The hybrid approach (almost always right)
Most service businesses end up here whether they plan to or not: a clear unbundled core, plus a bundled option for the clients who want everything.
The proposal shows two paths:
- Get started with [core service] at $X. List the core deliverables.
- The full engagement at $Y. List everything, including the core, at a small discount versus buying each piece separately.
The client picks. About 60 percent go with the core. About 25 percent go with the full bundle. The remaining 15 percent ask for some custom combination, and you negotiate.
This works because you’re not forcing the buying decision. The client self-selects based on their actual budget and how much they trust you on day one. You stop fighting the proposal call. The proposal does the sorting for you.
How to run the unbundling test
Don’t redo your whole pricing page in one weekend. Run a real test.
Week one. Pick your current bundle. Identify the core deliverable, the one piece that delivers the most obvious result on its own. Price it at roughly 40 percent of the bundle.
Week two through six. On every new proposal, present two options: the unbundled core and the full bundle. Both visible on the same page. Note which option the prospect picks and whether they close.
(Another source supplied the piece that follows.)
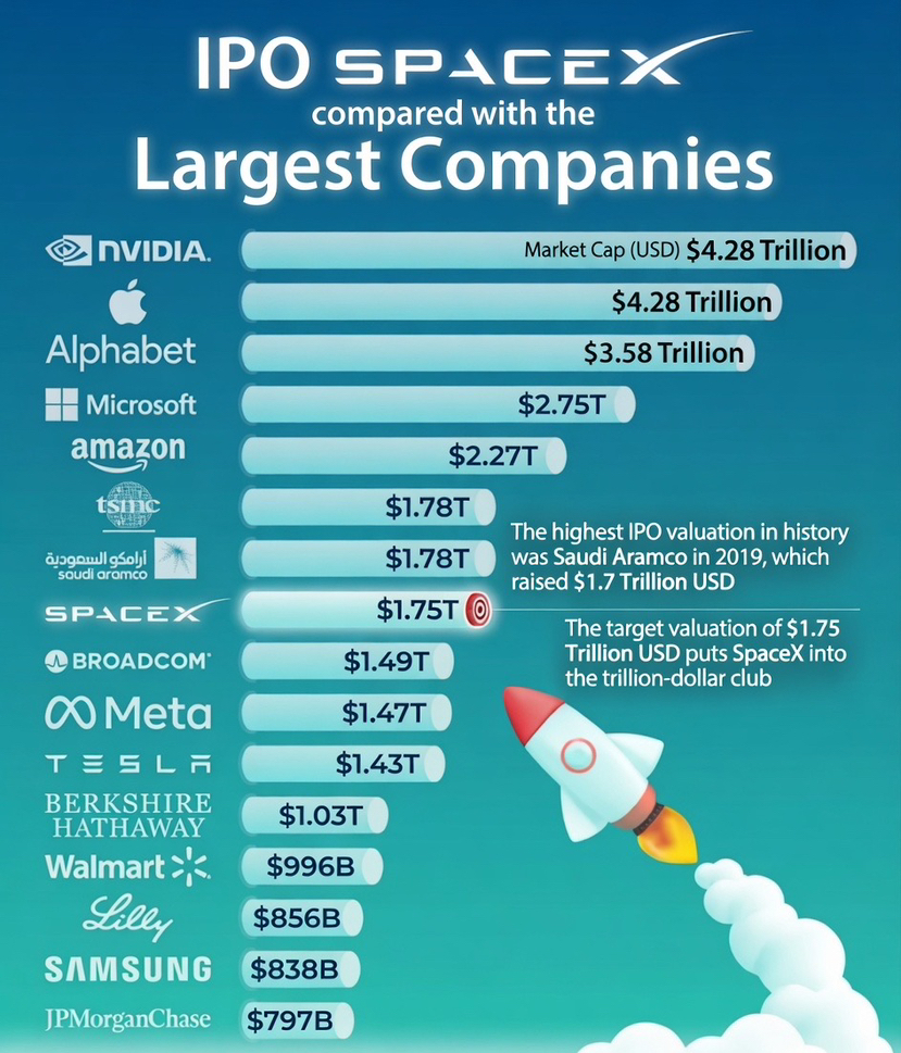 According to Reuters, a potential IPO could target a $1.75 trillion valuation. If that happens, SpaceX would become the 6th largest publicly listed company in the U.S., with the ability to raise up to $75 billion.

After ten to fifteen proposals. Look at three numbers:
| Metric | Before unbundling | After unbundling |
|---|---|---|
| Close rate | ?% | ?% |
| Avg first-deal value | $? | $? |
| % adding 2nd service in 90 days | ?% | ?% |
If close rate went up by 8 points or more and the 90-day add-on rate is at least 30 percent, unbundling worked. Keep the hybrid model.
If close rate stayed flat and average deal value dropped, the bundle wasn’t the problem. You probably have a discovery or positioning issue. Go back to the bundle and look upstream.
The pricing trap to avoid
When freelancers first unbundle, they tend to price each piece based on what it “should” cost as a fraction of the bundle. Bundle is $12k, so logo is $4k, guidelines are $2k, web is $5k, and so on.
That’s not how to price unbundled services. Price each piece based on what it’s worth standalone, not what its share of the old bundle was. The standalone version of a logo project requires its own discovery, its own kickoff, its own handoff. It costs more in your time per dollar of deliverable. Price it accordingly.
Rule of thumb: the sum of all your unbundled prices should be 10 to 20 percent higher than your old bundle price. The bundle is the volume discount. If clients buy everything piecemeal, they pay more. That’s correct.
What clients actually feel when you unbundle
The honest thing is that most clients feel relieved when they see an unbundled option. The all-in bundle feels heavy. They don’t want to make a big decision with a freelancer they just met. They want to start small, see if the work is good, then add more.
When you give them the door at $5,500 instead of $14,000, you’re not selling them less. You’re letting them buy in a way that matches how they actually want to buy.
The freelancers who resist unbundling usually do it because they’re afraid of leaving money on the table. But the money isn’t on the table if the client walks away from the bundle entirely. A closed $5,500 deal beats a lost $14,000 bid every single time.
When to re-bundle later
There’s a point where unbundling stops being right too. Usually it’s when:
- Your average first-deal client adds 3+ services within their first year
- You’ve raised your core service price enough that the bundle is now the value option
- You’re at capacity and want to discourage small one-off engagements
At that point, you re-bundle, but with a different structure than before. The new bundle is built from data, you know which services cluster together because you watched clients buy them in sequence. The new bundle is shaped like real demand instead of what you guessed would sell.
That’s the whole point of unbundling. Not to stay unbundled forever. To learn what your clients actually want, then build the next bundle from evidence instead of hope.